_The problem_:
Reproduce exactly, and only, the lines of the material below running from the line bearing "在奧維PC端主界面,點(di" through the line bearing "Con medidas de". Leave any pictures out.

_Data to process_:
☆ ☆ ☆
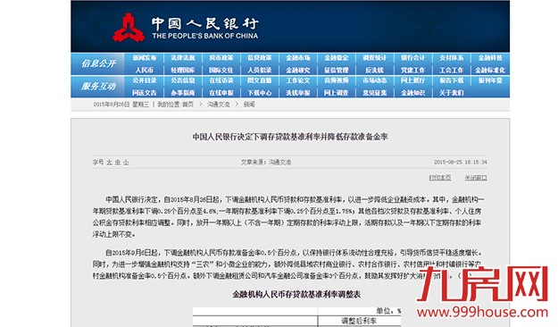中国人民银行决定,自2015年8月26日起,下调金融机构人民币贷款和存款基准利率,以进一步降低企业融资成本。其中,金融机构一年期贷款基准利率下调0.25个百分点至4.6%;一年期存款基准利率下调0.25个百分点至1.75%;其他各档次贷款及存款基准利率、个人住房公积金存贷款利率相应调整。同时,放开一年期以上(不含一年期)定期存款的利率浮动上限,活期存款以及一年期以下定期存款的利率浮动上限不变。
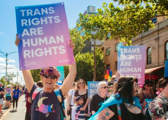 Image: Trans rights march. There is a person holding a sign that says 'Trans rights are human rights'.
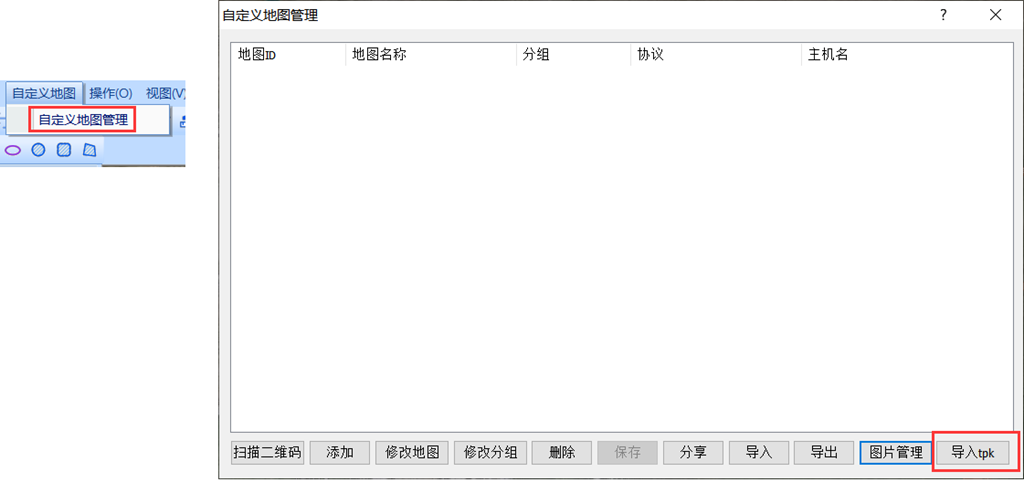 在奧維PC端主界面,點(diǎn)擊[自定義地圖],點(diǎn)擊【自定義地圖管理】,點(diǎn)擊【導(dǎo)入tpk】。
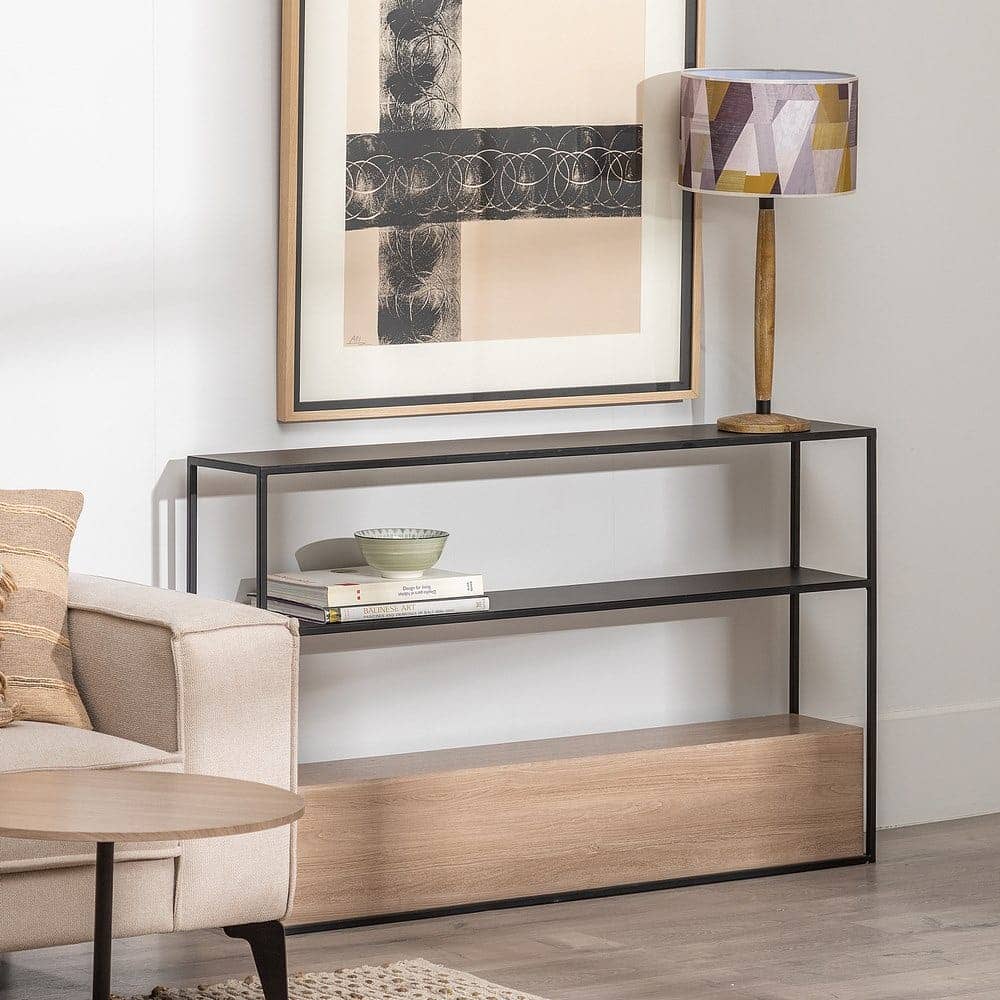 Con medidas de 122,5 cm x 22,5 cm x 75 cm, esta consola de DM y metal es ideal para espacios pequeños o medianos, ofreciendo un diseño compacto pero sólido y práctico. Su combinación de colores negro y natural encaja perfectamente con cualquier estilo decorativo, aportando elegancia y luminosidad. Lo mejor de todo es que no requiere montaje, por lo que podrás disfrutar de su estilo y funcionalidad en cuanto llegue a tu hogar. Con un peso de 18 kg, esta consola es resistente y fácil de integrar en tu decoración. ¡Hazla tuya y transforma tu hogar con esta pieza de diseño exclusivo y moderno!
☆ ☆ ☆
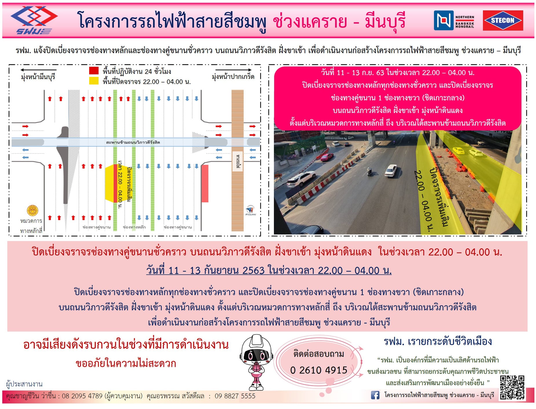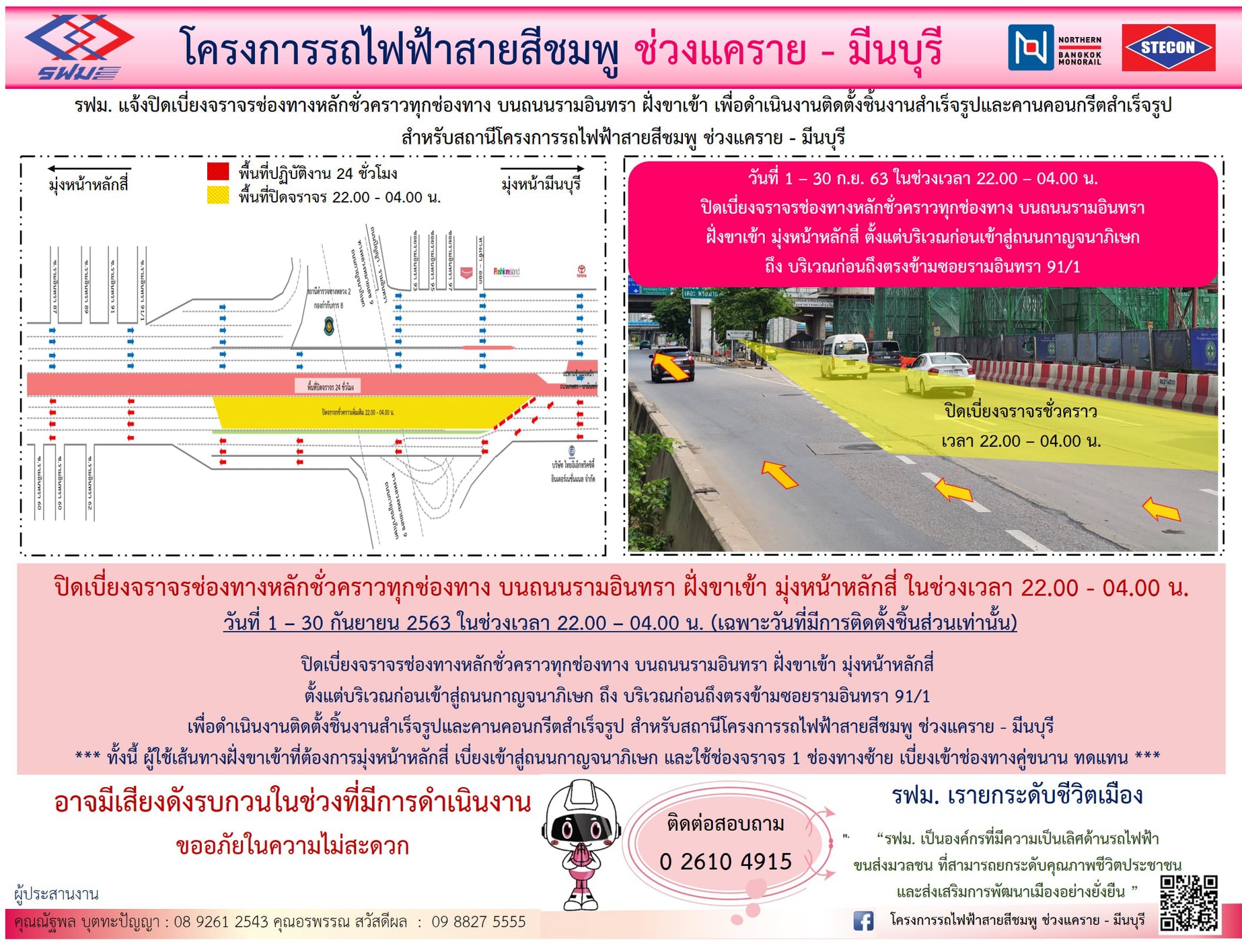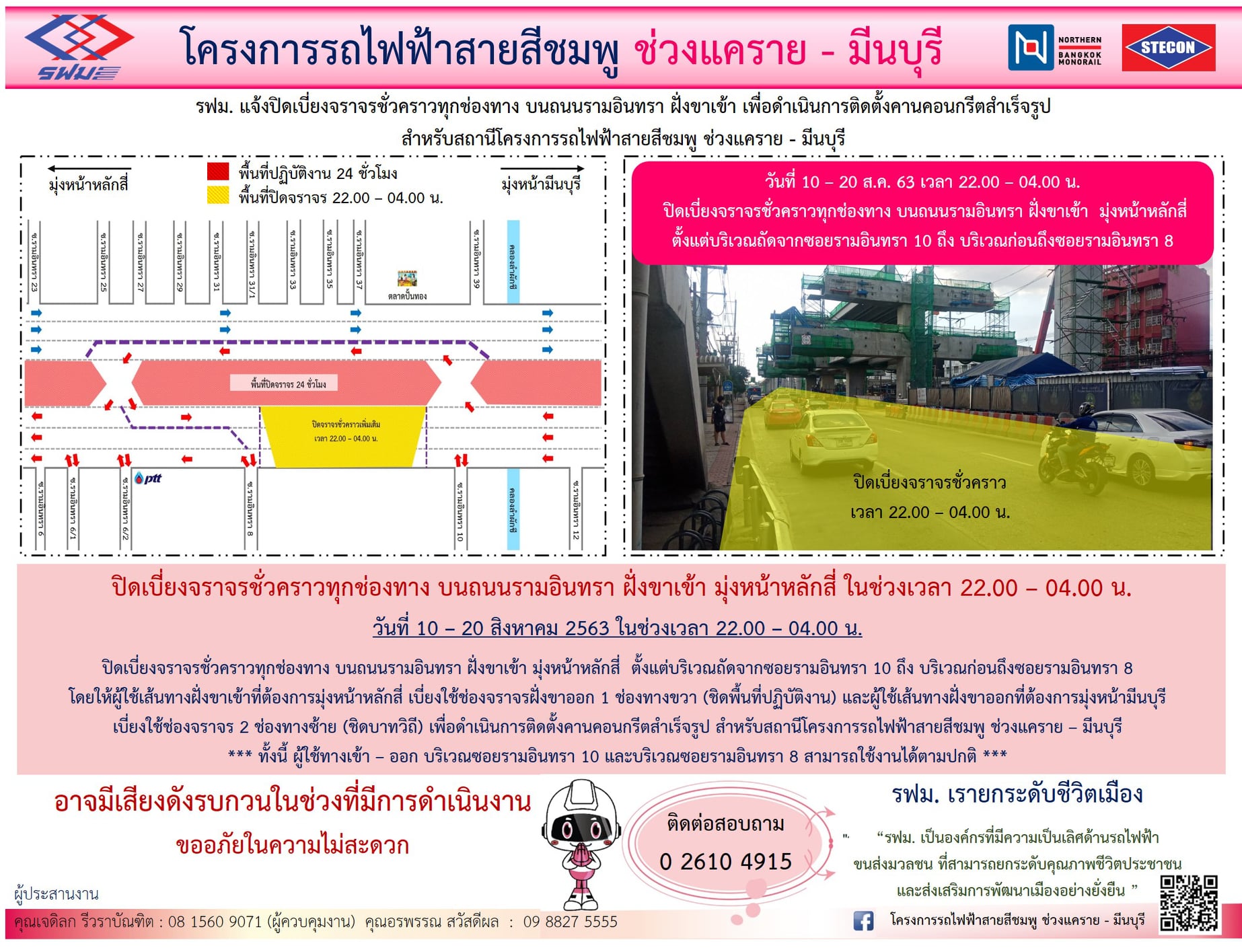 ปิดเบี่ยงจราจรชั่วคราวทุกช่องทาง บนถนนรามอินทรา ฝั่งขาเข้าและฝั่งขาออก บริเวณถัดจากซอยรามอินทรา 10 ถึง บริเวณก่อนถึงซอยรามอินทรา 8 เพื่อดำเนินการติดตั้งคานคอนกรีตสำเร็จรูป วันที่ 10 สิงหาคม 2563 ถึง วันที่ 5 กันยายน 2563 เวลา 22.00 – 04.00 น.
☆ ☆ ☆
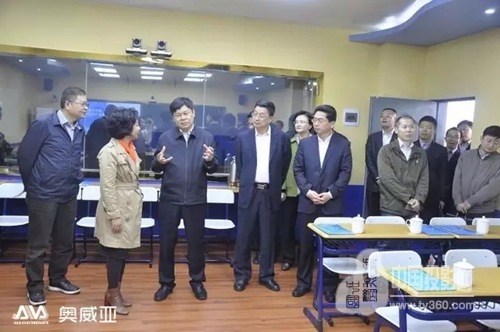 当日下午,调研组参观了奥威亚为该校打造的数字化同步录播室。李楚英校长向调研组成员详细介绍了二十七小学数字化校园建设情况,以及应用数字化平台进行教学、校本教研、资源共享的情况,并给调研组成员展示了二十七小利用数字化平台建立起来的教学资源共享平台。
☆ ☆ ☆
_Response to the exercise_:
 在奧維PC端主界面,點(diǎn)擊[自定義地圖],點(diǎn)擊【自定義地圖管理】,點(diǎn)擊【導(dǎo)入tpk】。
 Con medidas de 122,5 cm x 22,5 cm x 75 cm, esta consola de DM y metal es ideal para espacios pequeños o medianos, ofreciendo un diseño compacto pero sólido y práctico. Su combinación de colores negro y natural encaja perfectamente con cualquier estilo decorativo, aportando elegancia y luminosidad. Lo mejor de todo es que no requiere montaje, por lo que podrás disfrutar de su estilo y funcionalidad en cuanto llegue a tu hogar. Con un peso de 18 kg, esta consola es resistente y fácil de integrar en tu decoración. ¡Hazla tuya y transforma tu hogar con esta pieza de diseño exclusivo y moderno!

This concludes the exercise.